I was just stretching my legs and ran across the 24 August 2010 issue of EOS*, the member publication for AGU. On the front cover was this article:
Parsons, M.A., Duerr, R., and Minster, J.-B. (2010) Data Citation and Peer Review. EOS 91 (34), 297-298.
It's a decent article describing the issues also brought up in an AGU Town Hall and elsewhere (h/t Joe Hourclé). According to the authors, the AGU Council "asserts that the scientific community should recognize the value of data collection, preparation and description and that data 'publications' should 'be credited and cited like the products of any other scientific activity.'" The thing is that data centers ask for different types of citation: cite the data set (use citation that is provided), mention the data source somewhere in the text, or cite some journal article discussing the gathering of the data**. The council also calls for peer review - but who knows what that means? It could mean data accuracy or just that the metadata correctly describes the data. The authors also suggest that proper citation standards must be figured out if we really want people to share their data. They point to the IPY model as an example. It has some strengths like having editors and a DOI, but there are still issues about when data are scientifically identical even if not in the same format and granularity.
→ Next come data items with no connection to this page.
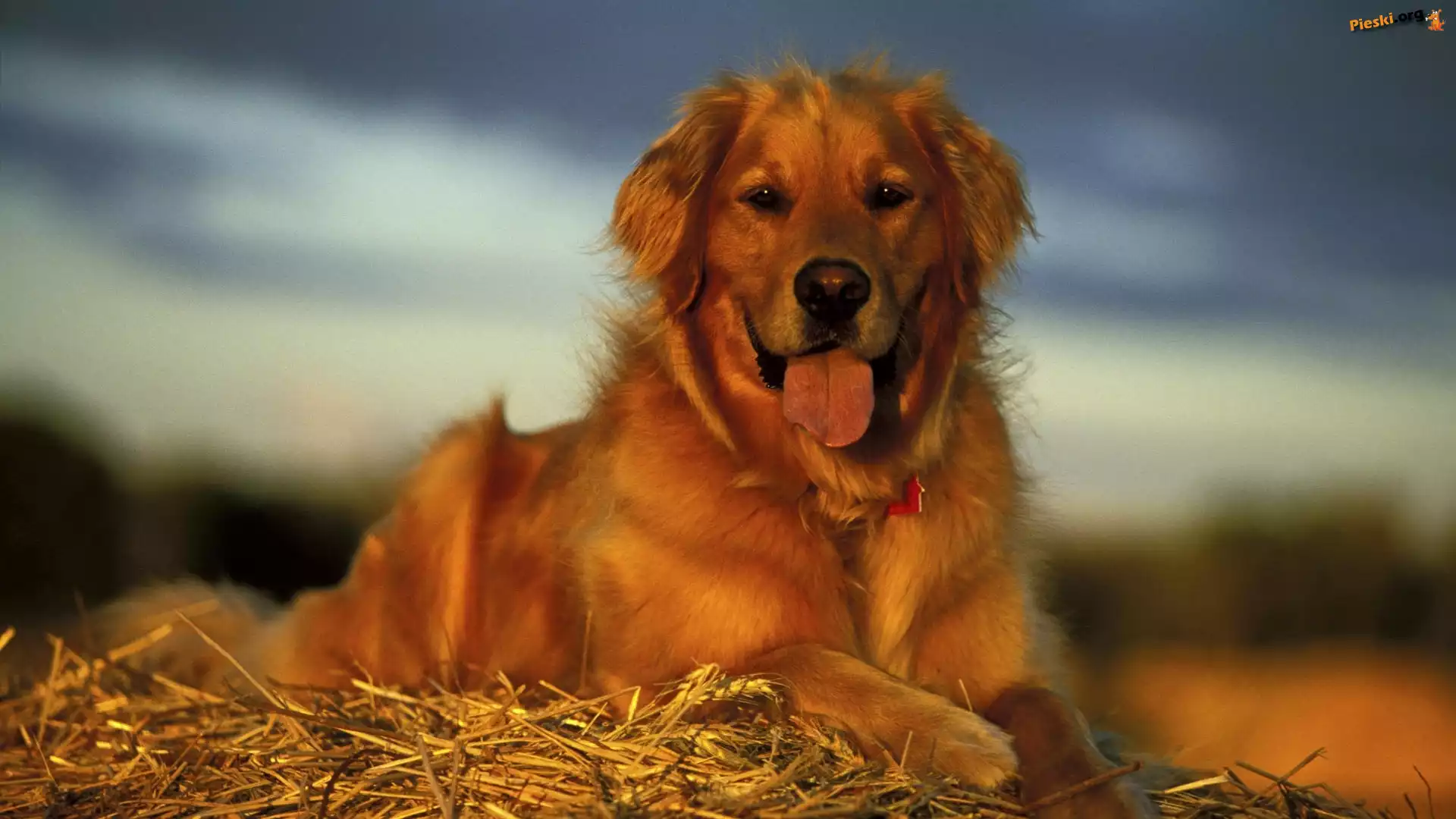 Język, Pies, Golden retriever, Słoma, Pieski
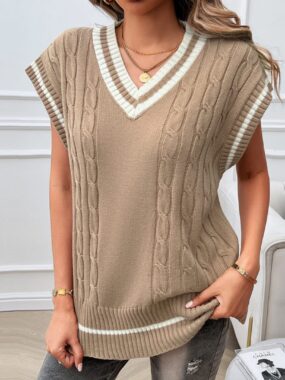 $27A sleek sleeveless ribbed sweater with a V-necklineperfect for effortless layering or solo styling.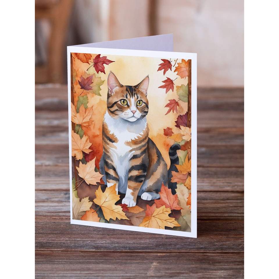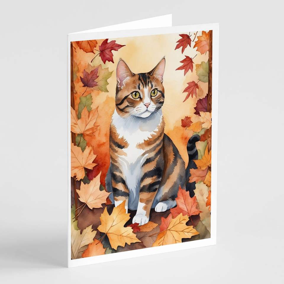 แมวแปลก polydactyl อเมริกันกับใบไม้ร่วง8ใบว่างเปล่า A7ขนาด5x7โน๊ตการ์ดพร้อมซองจดหมายสำหรับทักทาย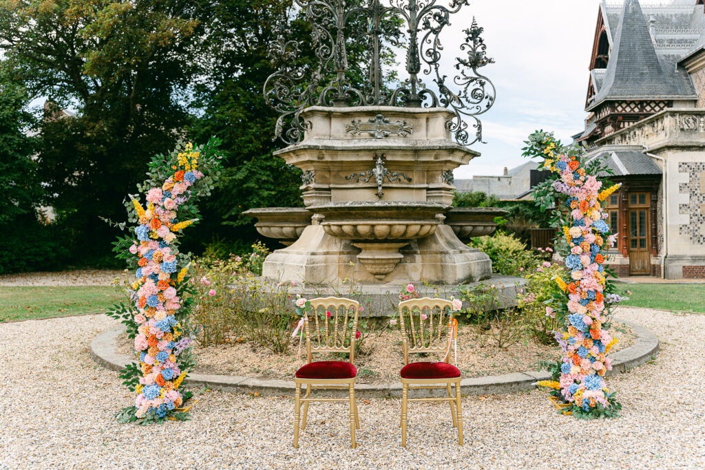 La cérémonie prend place dans le parc du Palais. Une scénographie minimaliste et coloré comme le désirait Haiyin et Erwan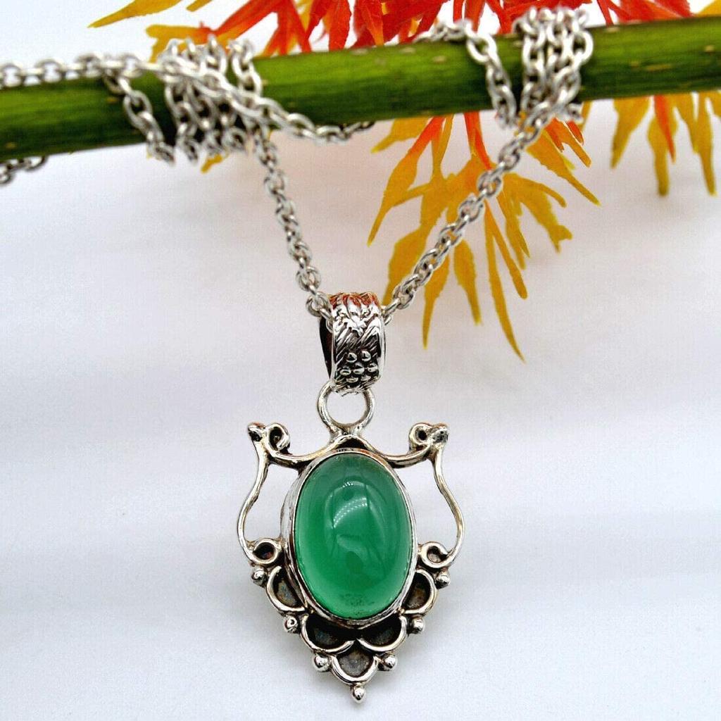 MATERIAL- 925 STERLING SILVER GEMSTONE- Green Onyx Gemstone Wt- 9.97 Cart : Necklace Gross Wt – 9.62 Gms : Necklace Length-21.50 INCH : Stone Shape- Oval CABOCHON : Color – EMERALD GREEN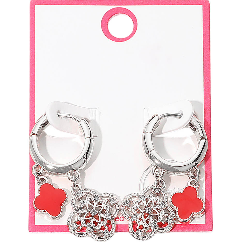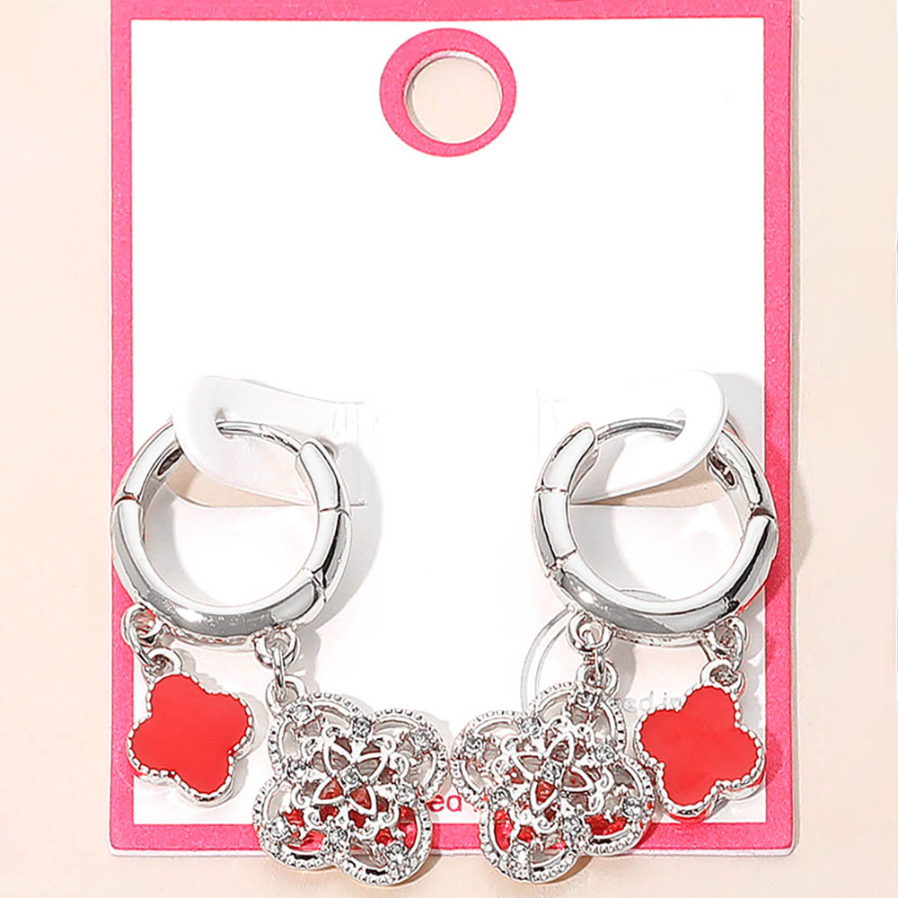 Details • Size : 0.7" X 0.9" • Huggie Back • Hoop earrings accented with delicate quatrefoil charms and intricate cutout details. Lightweight yet eye-catching, these earrings bring a touch of elegance to everyday outfits and special occasions. • Gold Dipped • Lead and Nickel Compliant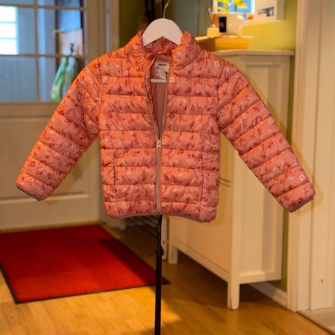 VindJakke i størrelse 116, designet for jenter.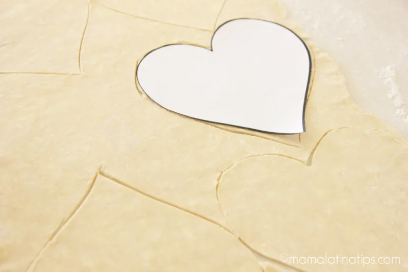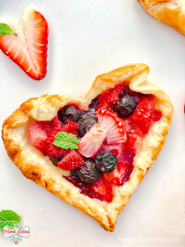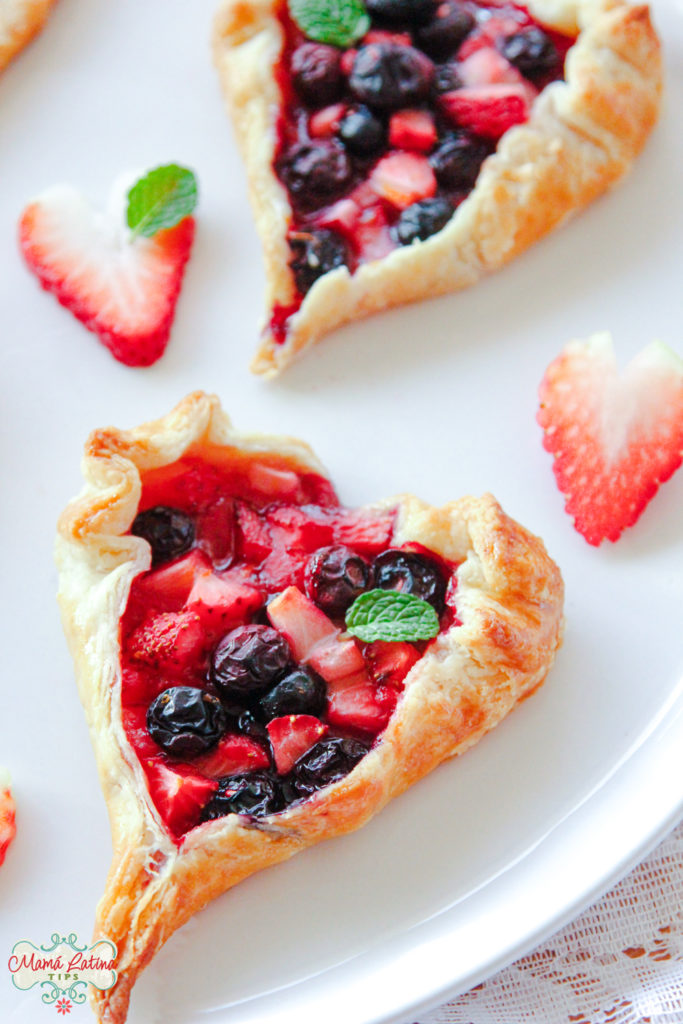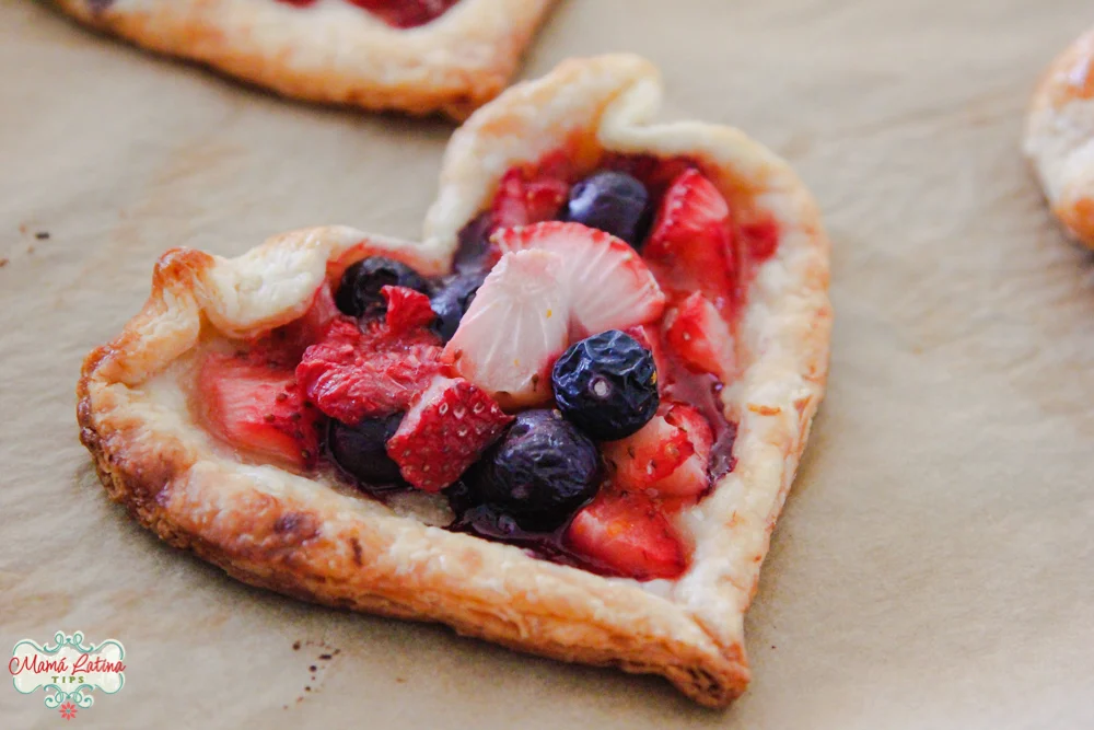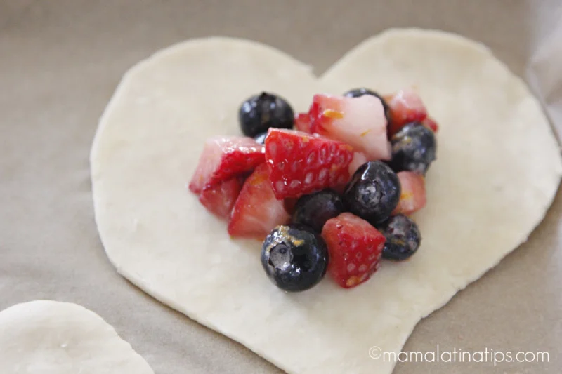 Puedes usar un molde de galletas de corazón si lo prefieres y encuentras el tamaño, pero sinceramente para hacer estas bellezas sólo necesitas tus manos para doblar las orillas y semi-cubrir la fruta que está en el centro.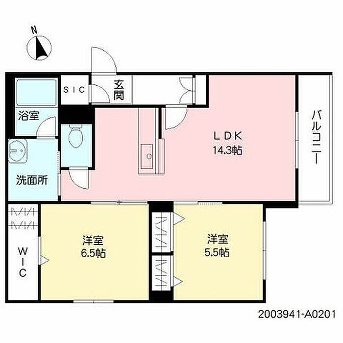 LDK14.3 洋室6.5 洋室5.5 ※1畳=1.62m2)

The authors continue with a section on peer review - but that seems a bit more dicey to me.
I think we're kind of getting to a turning point here - at least in a couple of fields. Gathering the data can be a full time job and these people need to get tenure, promotions, and grants. Sharing data is incredibly important, but who wants to share when a) they don't get credit for gathering the data and b) they don't get credit for sharing the data. People who want to use existing data sets might have issues finding them and also need a standard way to give credit for them. We also need better linking from the journals to the data and vice versa (see the several efforts to assign DOIs - very promising). If you're reading the journal, you need to be able to find the data (particularly if supplemental data go away).
All of these things are just getting more and more obvious and more important. The answers have to come from the various communities, although it would make sense if one community learned from another. It would also be great if the research databases linked to the data, too. I'm pretty sure ADS does this, but others might want to consider now how they would do it in addition to just having the citation.*** Oh, and yeah, citation managers should learn to deal with data sets, too!
*institutions still can't get this online, and we get like 3 issues at a time, 3 weeks late, but anyway.
** I have a real issue with this - I used a software package for R and the author wants some article cited that has nothing to do with my work or the development of the package. Grrr.
*** journal platforms do, but I mean indexing and abstracting services.